Python AI SDK

Python AI SDK on Github, PyPI Package

This SDK is available in an open beta, and its methods may change. We encourage you to reach out on Slack for help getting setup, and so we can communicate changes.

Overview

The Statsig Python AI SDK lets you manage your prompts, online and offline evals, and debug your LLM applications in production. It depends upon the Statsig Python Server SDK, but provides convenient hooks for AI-specific functionality.

Install the SDK

pip install statsig-ai

Initialize the SDK

For initialization requirements in forking and WSGI servers, see the Statsig Python Server SDK docs.

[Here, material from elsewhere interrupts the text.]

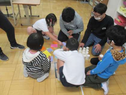小さな巨匠展合同作品作りに向けて,事前の交流会をリモートで行いました。お互いの自己紹介や”すきな○〇””冬休みにしたいこと”等をやりとりした後,紙コップ積みゲームを個人戦,小学校戦したり,ジングルベルを歌ったりしました。再来週の合同作品づくりが楽しみです。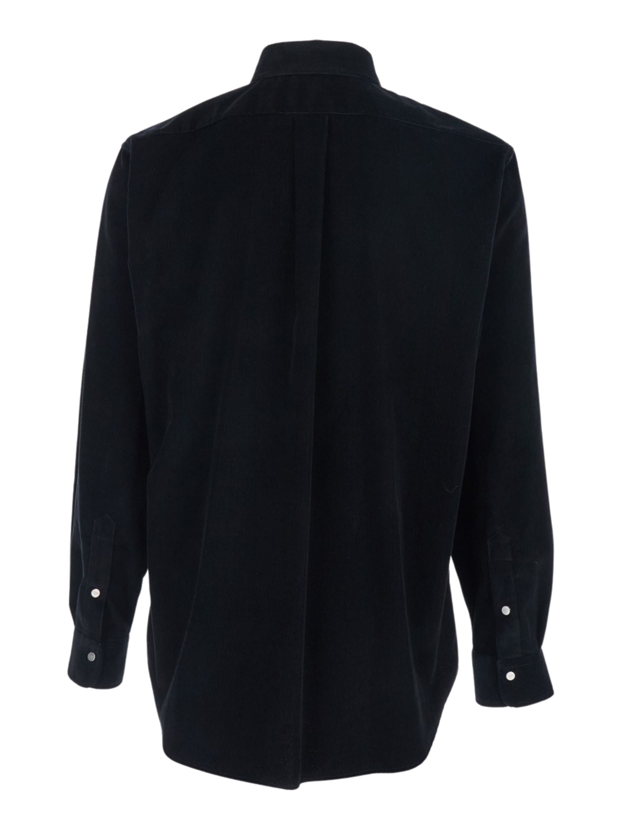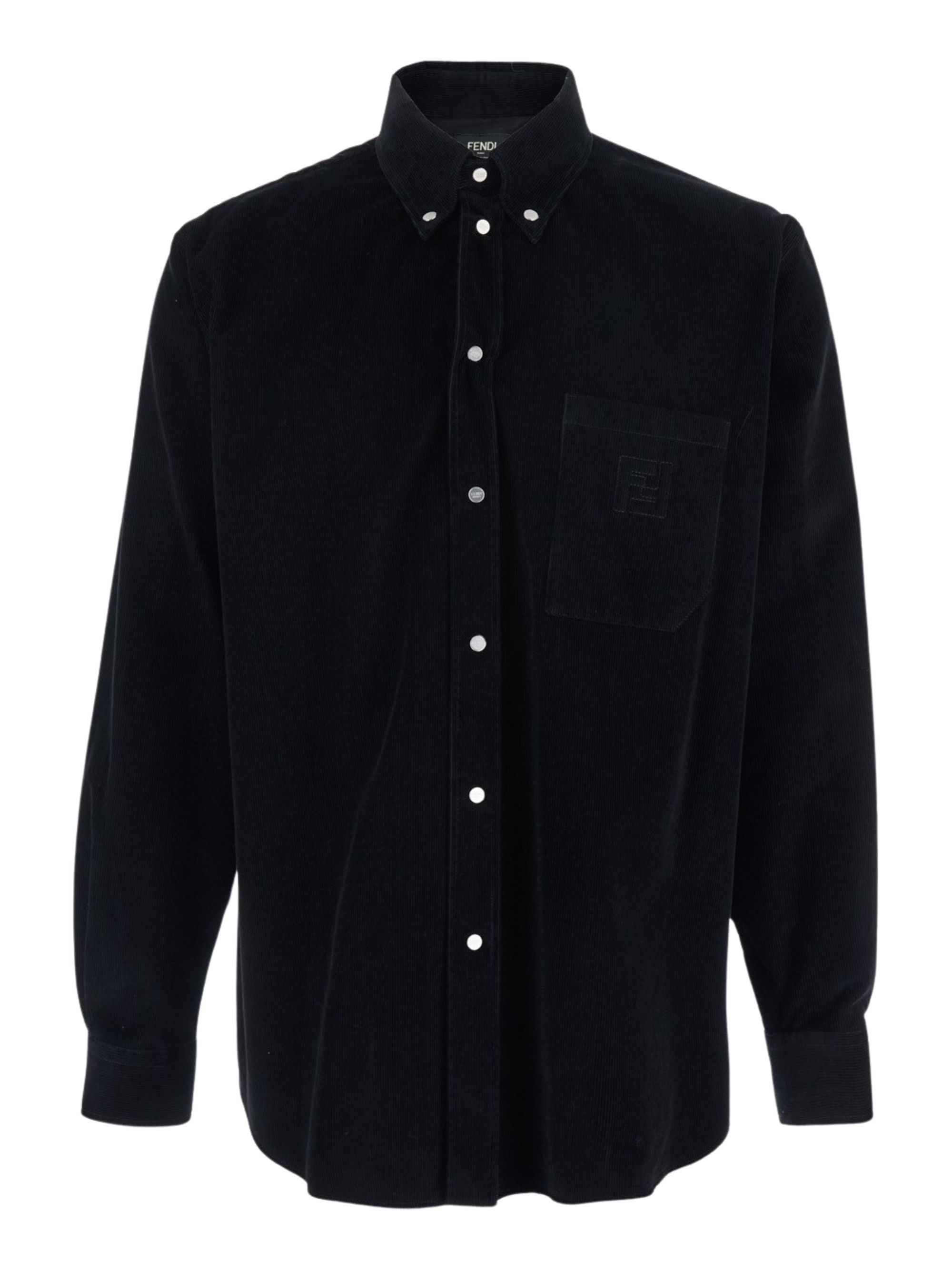 Camicia con ricamo FF di FENDI nera in velluto di cotone, caratterizzata da colletto button-down, taschino sul petto, chiusura con bottoni a vista e dettaglio FF ricamato.

If you already have a Statsig instance, you can pass it into the SDK. Otherwise, we’ll create an instance for you internally.

Don't use Statsig
Already have Statsig instance

Initialize the AI SDK with a Server Secret Key from the Statsig console.

Server Secret Keys should always be kept private. If you expose one, you can disable and recreate it in the Statsig console.

from statsig_ai import StatsigAI, StatsigCreateConfig

statsig_ai = StatsigAI(statsig_source=StatsigCreateConfig(server_secret_key='YOUR_SERVER_SECRET_KEY'))
statsig_ai.initialize().

Initializing With Options

Optionally, you can configure StatsigOptions for your Statsig instance:

from statsig_ai import StatsigAI
from statsig_python_core import StatsigOptions

# if you want to configure any statsig options, this is optional:
statsig_options = StatsigOptions()
statsig_options.environment = 'production'

statsig_ai_options.statsig_options = statsig_options

statsig_ai = StatsigAI(statsig_source=StatsigCreateConfig(server_secret_key='YOUR_SERVER_SECRET_KEY', statsig_options=statsig_options))
statsig_ai.initialize()

# if you would like to use any statsig methods, you can access the statsig instance from the statsig_ai instance:
gate = statsig_ai.get_statsig().check_gate(statsig_user, 'my_gate')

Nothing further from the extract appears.